The 1929 reunion was held at Wheeling Park in West Virginia, with "a large attendance" of guests coming from Aliquippa, Charleroi, Washington and Martins Ferry, OH, said the Reporter. Odger was re-elected secretary and Orlan was elected vice president. At the following year's reunion on Aug. 9, 1930, in Washington Park, Orlan was re-elected as vice president, and the Reporter said there was "a good attendance. The afternoon was taken up with games and conversation. At 6 o'clock a picnic dinner was served." All that's known of the 1931 reunion -- as the nation slipped deeper into the morass of the Great Depression -- was that it was scheduled to be held on August 8 and in an advance story, the Reporter said that "All relatives are invited to join this group taking well filled basket for a sumptious [sic] dinner. Dinner will be served at 6 o'clock." 

~ A New Home in Aliquippa ~

The Aliquippa in which the Miners made their first home was dominated by the city's largest employer, Jones & Laughliln Steel, or "J&L" for short. The corporation's sprawling works churned out steel products and stretched for miles on the banks of the Ohio River. It's said that in a city with a population of about 30,000, about a third worked "in the mill."

 

The company also built communities of houses in segregated sections -- known as "plans" -- so that Eastern Europeans were to live in Plans 1, 2, 4 and 9; Serbs and Slavs in Plan 7; Italians and Poles in Plan 11; Jews in Plan 8; Anglos, Germans and Nordics in Plan 12; and management in Plan 6.

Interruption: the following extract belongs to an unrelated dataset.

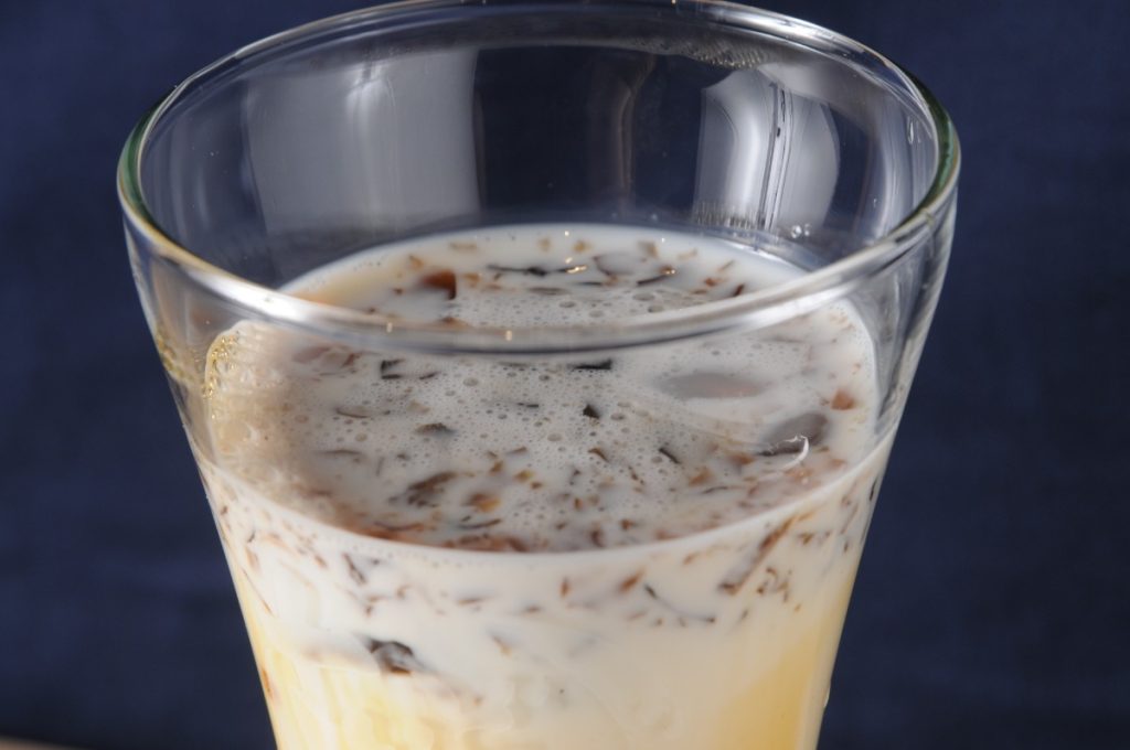 元清掃員アイドル 葛之葉 雨彦さんをイメージしたミルクティー。 黒みつシロップにミルクを加えており、さらに紅茶ゼリーをトッピング。 黒みつのこっくりとした甘さとのバランスをとるために、紅茶の強い風味を感じられるゼリーになっている。

Initially, from 1928 to 1934, the young family made their home in Aliquippa's Plan 12 at the address of 1124 Irwin Street, a rented house. During that time, Odger suffered from painful stomach ulcers, thought to have been caused by his dread and fear that he might die young, as his father had at age 42. For a time, he was bedfast and could only drink milk to soothe his stomach. Only after he reached his early 40s did he lose this anxiety and fully recover his health.

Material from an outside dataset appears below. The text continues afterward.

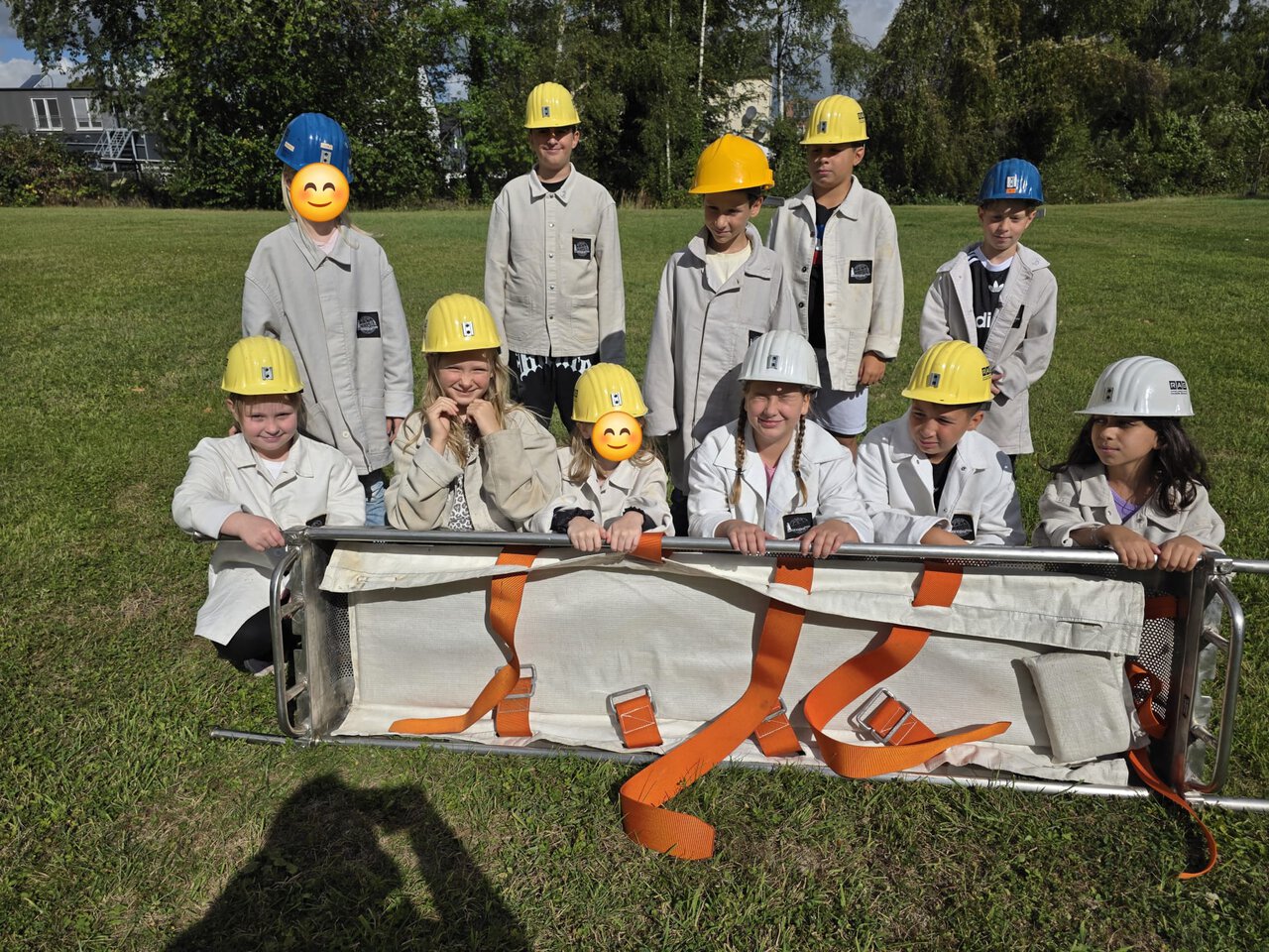 Kurz nach den Ferien waren wir Fledermäuse direkt mal beim außerschulischen Lernort der Zeche Monopol. Mitglieder des Vereins Monopol 2000 e. V. haben uns, nachdem sie uns im letzten Schuljahr schon so toll bei der Umsetzung des Zirkusprojekts unterstützt haben, dieses mal den Bergbau, der zur Geschichte Kamens gehört, näher gebracht. Die Kinder durften vieles selbst ausprobieren wie z. B. einen großen Stein mit einem Abbauhammer bearbeiten. Wenn jemand "unter Tage" (was das bedeutet, wissen die Kinder nun auch) verletzt war, mussten die anderen ihn mit einer Trage abtransportieren. Auch das haben die Kinder nachgestellt. Auf dem Foto ist die eine Gruppe der Klasse, die das gerade ausprobiert hat.
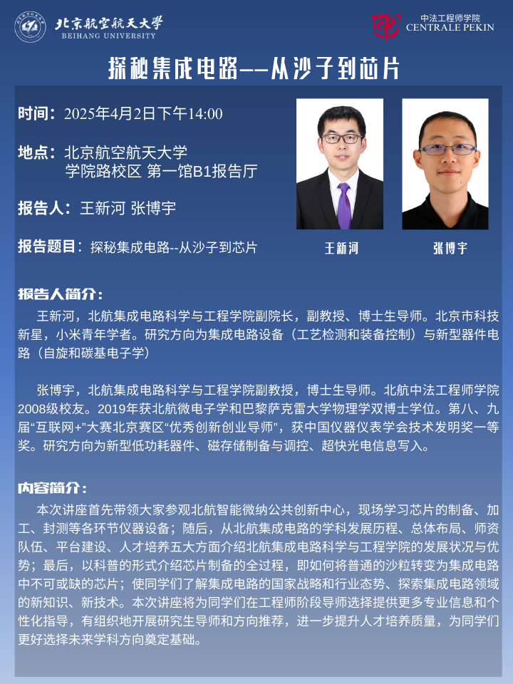 本周我们邀请到北航集成电路科学与工程学院副院长,副教授、博士生导师王新河老师;北航集成电路科学与工程学院副教授、博士生导师、北航世界杯官网2008级校友张博宇老师为大家带来校友讲堂:探秘集成电路——从沙子到芯片。

The census-taker of 1930 recorded the names of Odger and their eldest son as spelled "Ordger" and at the time Odger worked in sales for the gas company. When his widowed mother married Benjamin Franklin Marshall in September 1934, the nuptials were held in Odger and Monalea's Irwin Street home so that he could participate as best man. Later that year, the Miners moved four-tenths of a mile away to a house at 711 Reed Street.

By 1936, Aliquippa was undergoing a profound change. That year, tempers flared widely when J&L was engaged in a battle over wages and working conditions with unionized workers. When the company fired employees who were union members, they filed suit with the National Labor Relations Board. The largest picnic in the history of Aliquippa was held in September 1936, drawing 60,000 spectators who enjoyed a parade of marching and floats, with events "held at three locations, a park in Plan 11, Franklin Field, now Morell Park, and Ravine Park, which was the center of activities," said the Beaver County Times.

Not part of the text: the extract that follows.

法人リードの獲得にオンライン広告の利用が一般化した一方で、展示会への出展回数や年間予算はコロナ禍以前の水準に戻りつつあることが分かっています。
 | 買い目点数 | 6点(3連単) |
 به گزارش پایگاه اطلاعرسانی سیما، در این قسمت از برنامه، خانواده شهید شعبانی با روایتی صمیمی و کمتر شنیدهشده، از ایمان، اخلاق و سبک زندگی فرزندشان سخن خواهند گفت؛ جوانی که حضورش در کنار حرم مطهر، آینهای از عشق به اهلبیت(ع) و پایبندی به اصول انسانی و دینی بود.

Perhaps because of the need to be physically and mentally tough to survive, Aliquippa has produced more than its share of talented people who went on to national fame over the years. The list includes pro football hall-of-famers Tony Dorsett, Mike Ditka, Ty Law and Darrelle Revis, basketball superstar Pistol Pete Maravich and multi-Oscar and Grammy Award winning musical composer Henry Mancini, among many others. Odger and Monalea's son Wayne and son-in-law Gordon Jones worked "in the mill" during their college summers, and both decided that type of life was not for them.

Aliquippa thrived for decades until the decline of the steel industry and shutdown of J&L in 1985. Today Plan 12, where the Miners first made a home, is widely reputed as one of the most dangerous in Beaver County.

Above and below: Odger (circled in red) with the Men's Bible Class of the First Presbyterian Church of Aliquippa, April 5, 1931.
    

 

The family, early 1950s

~ A Growing Family ~

 

From 1930 to 1940, the Miners produced four children were Odger "Wayne" Miner, Richard "Dean" Miner, Marjean Lee Jones and Donald William Miner. 

All three sons and their son in law later served in the U.S. Armed Forces -- Wayne during the Korean War, Dean during the Japan Occupation, Don during the Cuban Missile Crisis and Gordon Jones during the Korean War era.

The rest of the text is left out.